#### [Task description]
Within the records below is a range that opens at the line with "함수 기반 인덱스 (Function-Based" and closes at the line with "By clicking the". Return that range word for word, both ends included, and only that range.
*** Opening of Source data ***
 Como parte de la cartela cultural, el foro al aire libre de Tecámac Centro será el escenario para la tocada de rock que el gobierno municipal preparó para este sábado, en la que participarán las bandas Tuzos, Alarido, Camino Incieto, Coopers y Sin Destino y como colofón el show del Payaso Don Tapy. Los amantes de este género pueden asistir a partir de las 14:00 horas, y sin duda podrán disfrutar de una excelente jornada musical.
*** Close of Source data ***
*** Opening of Source data ***
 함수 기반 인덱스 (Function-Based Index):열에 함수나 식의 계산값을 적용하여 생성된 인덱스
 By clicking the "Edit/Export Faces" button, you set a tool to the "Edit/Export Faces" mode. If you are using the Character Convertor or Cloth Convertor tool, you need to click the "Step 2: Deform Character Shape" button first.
*** Close of Source data ***
*** Opening of Source data ***
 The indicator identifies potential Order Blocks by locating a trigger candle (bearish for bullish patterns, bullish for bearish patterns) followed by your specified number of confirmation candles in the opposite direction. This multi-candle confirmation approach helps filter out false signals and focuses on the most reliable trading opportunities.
*** Close of Source data ***
#### [Output for this task]
 함수 기반 인덱스 (Function-Based Index):열에 함수나 식의 계산값을 적용하여 생성된 인덱스
 By clicking the "Edit/Export Faces" button, you set a tool to the "Edit/Export Faces" mode. If you are using the Character Convertor or Cloth Convertor tool, you need to click the "Step 2: Deform Character Shape" button first.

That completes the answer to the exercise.